In this homework, you’ll pose a question regarding the Gapminder dataset and investigate it graphically. Rather than using the gapminder package like we did in lecture, you’ll want to use the dslabs package1, which has a larger subset of the Gapminder data (i.e. more observations and variables).

1 Remember to install the package in your console first (not in your .qmd file) and then load it in your .qmd file with the library() function.

  • At the beginning of your document, write down a research question that is based on this larger version of the Gapminder dataset2 (e.g., “How does population change over time in different countries?”)
  • Create 3-6 plots to answer/investigate your research question. Consider histograms (geom_histogram()), scatterplots (geom_point()), or lineplots (geom_line()).
  • Be sure all titles, axes, and legends are clearly labelled (no raw variable names).
  • Include at least one plot with facet_wrap() or facet_grid().
  • You can use other geoms like bar charts or box plots, add meaningful vertical or horizontal lines, etc. You may find this data visualization cheat sheet helpful.

2 Run dslabs::gapminder in the console to read descriptions of all available variables.

Your document should be pleasant for a peer to look at, with some organization. You must write up your observations in words as well as showing the graphs. Upload both the .qmd file and the .html file to Canvas.

Optional: If you’d like to compare several specific countries, you can adapt the following pseudo code3 below to create a subset of the data with as many countries as you like.
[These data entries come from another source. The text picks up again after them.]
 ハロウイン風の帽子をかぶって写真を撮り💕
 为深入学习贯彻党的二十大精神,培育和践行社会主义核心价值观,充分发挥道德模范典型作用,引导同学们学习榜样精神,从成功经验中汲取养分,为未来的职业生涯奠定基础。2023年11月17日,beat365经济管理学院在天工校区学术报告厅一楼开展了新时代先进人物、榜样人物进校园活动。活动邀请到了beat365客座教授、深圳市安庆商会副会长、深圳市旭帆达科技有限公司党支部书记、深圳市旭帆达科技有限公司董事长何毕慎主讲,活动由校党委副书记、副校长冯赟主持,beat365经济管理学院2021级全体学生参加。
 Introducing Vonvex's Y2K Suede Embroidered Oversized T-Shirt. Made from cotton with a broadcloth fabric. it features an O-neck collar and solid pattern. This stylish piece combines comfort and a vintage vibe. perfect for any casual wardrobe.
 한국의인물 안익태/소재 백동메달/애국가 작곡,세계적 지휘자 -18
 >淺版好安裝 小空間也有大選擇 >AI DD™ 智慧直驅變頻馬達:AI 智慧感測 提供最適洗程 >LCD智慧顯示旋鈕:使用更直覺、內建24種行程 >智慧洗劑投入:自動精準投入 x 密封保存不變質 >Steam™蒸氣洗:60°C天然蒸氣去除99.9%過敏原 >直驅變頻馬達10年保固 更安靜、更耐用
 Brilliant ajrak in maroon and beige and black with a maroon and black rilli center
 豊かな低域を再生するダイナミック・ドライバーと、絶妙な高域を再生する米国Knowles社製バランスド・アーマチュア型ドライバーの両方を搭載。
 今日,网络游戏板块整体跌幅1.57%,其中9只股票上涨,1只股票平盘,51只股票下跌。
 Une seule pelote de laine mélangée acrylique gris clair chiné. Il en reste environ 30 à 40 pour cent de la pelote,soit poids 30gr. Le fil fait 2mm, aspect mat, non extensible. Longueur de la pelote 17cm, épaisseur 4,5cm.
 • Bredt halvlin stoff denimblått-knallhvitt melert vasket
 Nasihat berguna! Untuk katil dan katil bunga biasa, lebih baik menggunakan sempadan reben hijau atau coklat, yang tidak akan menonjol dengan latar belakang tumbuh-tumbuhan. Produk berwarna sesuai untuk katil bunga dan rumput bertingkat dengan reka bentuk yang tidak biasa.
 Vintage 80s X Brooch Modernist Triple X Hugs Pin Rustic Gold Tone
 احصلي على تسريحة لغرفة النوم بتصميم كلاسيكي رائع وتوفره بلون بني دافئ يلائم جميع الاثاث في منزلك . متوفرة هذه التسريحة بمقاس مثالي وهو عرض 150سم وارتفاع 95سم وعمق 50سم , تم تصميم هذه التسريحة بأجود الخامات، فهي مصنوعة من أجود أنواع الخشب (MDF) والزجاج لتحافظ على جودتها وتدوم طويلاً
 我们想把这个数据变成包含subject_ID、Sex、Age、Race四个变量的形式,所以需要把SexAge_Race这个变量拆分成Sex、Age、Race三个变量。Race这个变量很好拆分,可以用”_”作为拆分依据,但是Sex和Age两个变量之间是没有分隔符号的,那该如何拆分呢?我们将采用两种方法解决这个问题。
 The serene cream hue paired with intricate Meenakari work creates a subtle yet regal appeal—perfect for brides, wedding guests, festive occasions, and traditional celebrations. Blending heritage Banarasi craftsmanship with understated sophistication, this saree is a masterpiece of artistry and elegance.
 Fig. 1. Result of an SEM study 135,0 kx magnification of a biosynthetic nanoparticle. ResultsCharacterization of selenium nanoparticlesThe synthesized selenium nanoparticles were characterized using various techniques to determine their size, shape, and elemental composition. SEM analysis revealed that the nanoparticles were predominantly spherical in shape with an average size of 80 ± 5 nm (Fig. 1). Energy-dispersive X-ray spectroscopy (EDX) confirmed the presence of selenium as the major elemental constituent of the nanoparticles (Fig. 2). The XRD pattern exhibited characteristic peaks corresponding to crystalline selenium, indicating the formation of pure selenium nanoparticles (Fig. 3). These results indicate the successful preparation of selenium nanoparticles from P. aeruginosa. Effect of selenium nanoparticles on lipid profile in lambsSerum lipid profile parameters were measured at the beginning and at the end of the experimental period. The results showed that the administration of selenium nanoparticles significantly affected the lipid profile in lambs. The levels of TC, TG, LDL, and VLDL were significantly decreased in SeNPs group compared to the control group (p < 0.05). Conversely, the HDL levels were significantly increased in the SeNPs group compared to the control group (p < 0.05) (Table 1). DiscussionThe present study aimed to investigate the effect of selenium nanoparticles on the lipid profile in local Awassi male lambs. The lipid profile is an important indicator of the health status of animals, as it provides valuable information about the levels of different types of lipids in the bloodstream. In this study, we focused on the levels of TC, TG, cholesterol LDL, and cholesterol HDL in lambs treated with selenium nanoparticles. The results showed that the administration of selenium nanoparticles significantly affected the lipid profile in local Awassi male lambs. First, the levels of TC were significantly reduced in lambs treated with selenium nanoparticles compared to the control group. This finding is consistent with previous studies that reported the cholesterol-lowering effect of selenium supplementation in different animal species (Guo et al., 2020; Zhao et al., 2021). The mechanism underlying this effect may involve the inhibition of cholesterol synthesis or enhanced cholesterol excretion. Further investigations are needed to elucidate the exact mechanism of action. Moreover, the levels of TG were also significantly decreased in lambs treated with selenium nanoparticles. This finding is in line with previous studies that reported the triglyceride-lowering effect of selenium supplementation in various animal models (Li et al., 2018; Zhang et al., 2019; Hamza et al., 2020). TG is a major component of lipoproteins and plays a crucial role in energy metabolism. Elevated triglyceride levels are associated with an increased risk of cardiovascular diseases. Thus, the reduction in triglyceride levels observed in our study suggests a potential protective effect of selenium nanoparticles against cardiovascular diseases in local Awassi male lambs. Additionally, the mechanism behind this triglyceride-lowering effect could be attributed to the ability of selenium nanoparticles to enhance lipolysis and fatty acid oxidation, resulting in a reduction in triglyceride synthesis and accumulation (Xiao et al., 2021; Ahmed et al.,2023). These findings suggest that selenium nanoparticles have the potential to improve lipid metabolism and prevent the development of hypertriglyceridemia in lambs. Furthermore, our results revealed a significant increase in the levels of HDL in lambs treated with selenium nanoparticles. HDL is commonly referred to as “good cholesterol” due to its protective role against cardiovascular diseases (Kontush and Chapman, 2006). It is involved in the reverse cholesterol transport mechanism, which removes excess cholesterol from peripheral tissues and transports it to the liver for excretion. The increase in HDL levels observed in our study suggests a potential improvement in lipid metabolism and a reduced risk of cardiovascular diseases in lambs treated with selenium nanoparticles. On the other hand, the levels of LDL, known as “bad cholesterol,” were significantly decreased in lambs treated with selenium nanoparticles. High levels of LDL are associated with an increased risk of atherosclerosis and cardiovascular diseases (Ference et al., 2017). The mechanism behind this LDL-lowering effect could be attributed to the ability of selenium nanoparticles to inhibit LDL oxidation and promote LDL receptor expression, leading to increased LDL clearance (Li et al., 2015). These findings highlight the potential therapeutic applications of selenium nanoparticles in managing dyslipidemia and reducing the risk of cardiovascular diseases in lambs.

Replace "country1" et al. with the country name as it appears in the dataset. Use unique(gapminder$country) to see a complete list of all the countries available.

3 We’ll cover how to do this type of data manipulation in Week 4.

subset <- gapminder |> 
  filter(country %in% c("county1", "country2", "country3"))
1
filter() filters the rows of the dataset gapminder based upon a logical condition. %in% creates a logical vector the same length as country, evaluating whether each element in country matches any of the available values in the vector to its right (in this case, country1, country2, or country3).
Before you submit:

Have you remembered to add embed-resources: true to your YAML?

Due Dates

# Homework Due Peer Review Due
1 7 October 12 October
2 14 October 19 October
3 21 October 26 October
4 28 October 2 November
5 11 November 16 November
6 18 November 23 November
7 25 November 30 November
8 2 December 7 December
9 9 December 14 December